# Lab 3: Parameter Estimation

- Page ID
- 9029

#### Objective

Explore properties of estimators and understand what makes an estimator preferred.

#### Definitions

- estimator vs. estimate
- maximum likelihood estimation: likelihood function, log-likelihood
- method of moments estimation
- bias, unbiased estimator
- efficiency of estimators
- mean square error (MSE)
- bias-variance trade-off

#### Introduction

In class this week, we went over two procedures for estimating parameters: ** maximum likelihood estimation** and

**. There are other methods of estimation that may exist in a given context, including using "plug-in" estimators. This begs the question of which method is best. In this lab, you will explore properties of estimators and using these properties learn what criteria we think good estimators should satisfy. Each property provides a "sniff test": an estimator that fails these just doesn't smell right.**

*method of moments*#### Activities

**Getting Started:** Navigate to your class folder structure. Within your "Labs" folder make a subfolder called "Lab3". Next, download the lab notebook .Rmd file for this lab from Blackboard and save it in your "Lab3" folder. There are no datasets used in this lab.

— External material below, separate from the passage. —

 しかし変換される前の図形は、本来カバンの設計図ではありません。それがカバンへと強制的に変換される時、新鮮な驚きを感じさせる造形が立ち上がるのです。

Within RStudio, navigate to your "Lab3" folder via the file browser in the lower right pane and then click "More > Set as working directory". Get set to write your observations and R commands in an R Markdown file by opening the "lab3_notebook.Rmd" file in RStudio. Remember to add your name as the author in line 3 of the document. For this lab, enter all of your commands into code chunks in the lab notebook. You can still experiment with code in an R script, if you want. To set up an R Script in RStudio, in the upper left corner click “File > New File > R script”. A new tab should open up in the upper left pane of RStudio.

**Maximum Likelihood Estimation:** Before we get into the properties, let's revisit maximum likelihood estimation.

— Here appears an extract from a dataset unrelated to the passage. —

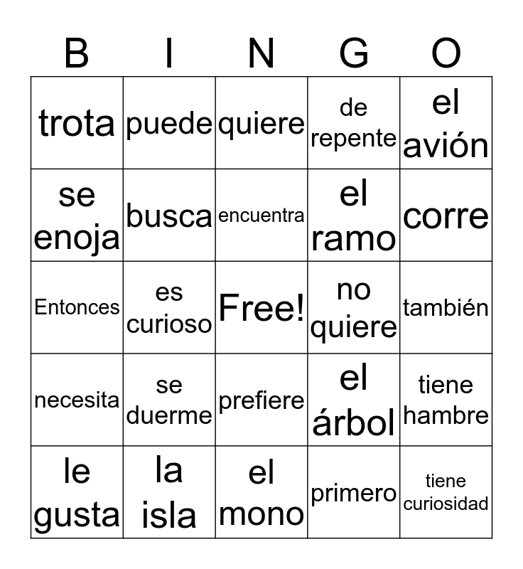 This bingo card has a free space and 27 words: el árbol, la rama, el ramo, el mono, se enoja, quiere, puede, necesita, no quiere, tiene hambre, Entonces, de repente, le gusta, la isla, corre, se cae, busca, encuentra, se duerme, trota, también, primero, es curioso, tiene curiosidad, prefiere, el avión and el barco.

**Likelihood Function, Maximum Likelihood Estimate**

Suppose \( X_1, ..., X_n\) represent a random sample from a probability distribution with associated parameter \( \theta \) and pmf/pdf given by \( f(x; \theta) \). The *l ikelihood function* \( L(\theta) = L(\theta | x_1, ..., x_n) \) gives the likelihood of \( \theta \), given the observed sample values \( x_1, ..., x_n \), and is calculated as follows:

\( L(\theta) =\displaystyle \prod_{i =1}^{n} f(x_i; \theta) = f(x_1; \theta)\cdot f(x_2; \theta)\cdots f(x_n; \theta) \)

The * maximum likelihood estimate *(MLE) \(\hat{\theta}_{MLE} \) is a value of \( \theta \) that maximizes the likelihood function, or equivalently that maximizes the log-likelihood function: ln\(L(\theta) \).

So, the likelihood function \(L(\theta)\) is a function of the unknown parameter \(\theta\), and we estimate \(\theta\) by maximizing \(L(\theta)\). Remember that we can use calculus to find the value of \(\theta\) that maximizes the likelihood by setting the derivative equal to 0, \(L'(\theta)=0\), and then solving for \(\theta\) to find the MLE.

In practice, we usually maximize the ** log-likelihood**, because taking the logarithm of a product results in a sum:

ln\(L(\theta)) =\) ln [\(f(x_1; \theta)f(x_2; \theta) ... f(x_n; \theta)] \)

=ln\(f(x_1;\theta)) +\) ln\((f(x_2; \theta) + ... + \) ln\(f(x_n; \theta)) = \displaystyle\sum_{i = 1}^{n}\) ln\((f(x_i; \theta)) \)

In most cases, we are able to find a closed-form expression for the MLE. However, this is not always possible, as the following example demonstrates.

**Example: **Suppose \(X_1, . . ., X_n\) are a random sample from the Cauchy distribution, which has pdf given by \(\displaystyle{f(x; \theta) = \frac{1}{\pi(1 + (x - \theta)^2}}\), for \(x\), \(\theta \in \mathbb{R} \). The likelihood function for \( \theta \) is

\( L(\theta) = \displaystyle \frac{1}{\pi^n \displaystyle \prod_{i = 1}^{n} [1 + (X_i - \theta)^2]} \). (1)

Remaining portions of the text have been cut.